Quick and Dirty: the starting point for refactoring (38 lines) 

I start with a very poorly designed program to compare two files for equality. I then build a regression test for that program (a critical step in effective refactoring) using Quest Code Tester. With that test in place, I go through a multi-step transformation of this program until it actually works and it has a much better structure.

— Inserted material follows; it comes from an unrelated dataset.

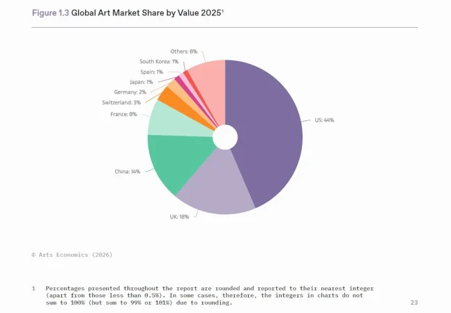 Esta es una de las conclusiones del The Art Basel and UBS Art Market Report 2026 que acaba de publicarse. Otras ideas clave que arroja el informe sobre el mercado del arte mundial fueron:

CREATE OR REPLACE FUNCTION files_are_equal (
   file1_name_in   IN   VARCHAR2,
   dir1_name_in    IN   VARCHAR2,
   file2_name_in   IN   VARCHAR2,
   dir2_name_in    IN   VARCHAR2 := NULL
)
   RETURN BOOLEAN
IS
   v_file1id         UTL_FILE.file_type;
   v_file1line       VARCHAR2 (32767);
--
   l_file2id         UTL_FILE.file_type;
   l_file2line       VARCHAR2 (32767);
--
   identical_files   BOOLEAN            DEFAULT TRUE;
BEGIN
   v_file1id := UTL_FILE.fopen (dir1_name_in, file1_name_in, 'R', 32767);
   l_file2id :=
      UTL_FILE.fopen (NVL (dir2_name_in, dir1_name_in),
                      file2_name_in,
                      'R',
                      32767
                     );
   LOOP
      UTL_FILE.get_line (v_file1id, v_file1line);
      UTL_FILE.get_line (l_file2id, l_file2line);
      identical_files := v_file1line = l_file2line;
   END LOOP;
   UTL_FILE.fclose (v_file1id);
   UTL_FILE.fclose (l_file2id);
   RETURN identical_files;
EXCEPTION
   WHEN OTHERS
   THEN
      RETURN FALSE;
END files_are_equal;

Critique of This Very Quick and Dirty Program

Here are some of the things that bothered me about this program:

  • There is no program header describing the author, copyright, modification history, general description, etc. It is an "anonymous" program.
  • Inconsistent naming conventions for local variables. Some start with "l_" (which is, for me at least, the preferred convention) and others do not.
  • Lots of hard-coded values: length of the line strings, the specification of the maximum length in the calls to FOPEN, the mode under which the file is opened.
  • Take a look at that loop: it appears to be an infinite loop. It doesn't contain any sort of EXIT statement or boundary condition to terminate the loop. Sure, the loop will stop when UTL_FILE.GET_LINE raises NO_DATA_FOUND, but really that is a scary-looking piece of code.
  • The comparison logic is simplistic and buggy. At first glance, it makes some kind of sense, but delve deeper and this procedure is deeply flawed. In fact, this function will never return TRUE when the two files are the same. Can you see why?
  • There are no comments to explain the basic logic and, in particular, the thinking behind the approach taken to making the comparison.
  • Does it really make sense to simply return FALSE if any error has occurred? Certainly you could argue that two files cannot possibly be equal if an error occurred in the comparison, but usually you would not want to hide the fact that an error occurred. And one would at least distinguish between the NO_DATA_FOUND exception (raised by the UTL_FILE.GET_LINE procedure reading past the last line) and other, "real" errors.
  • And if one those more serious errors does occur, I do not close the files. This might leave one or both files open, which could cause other problems in my application.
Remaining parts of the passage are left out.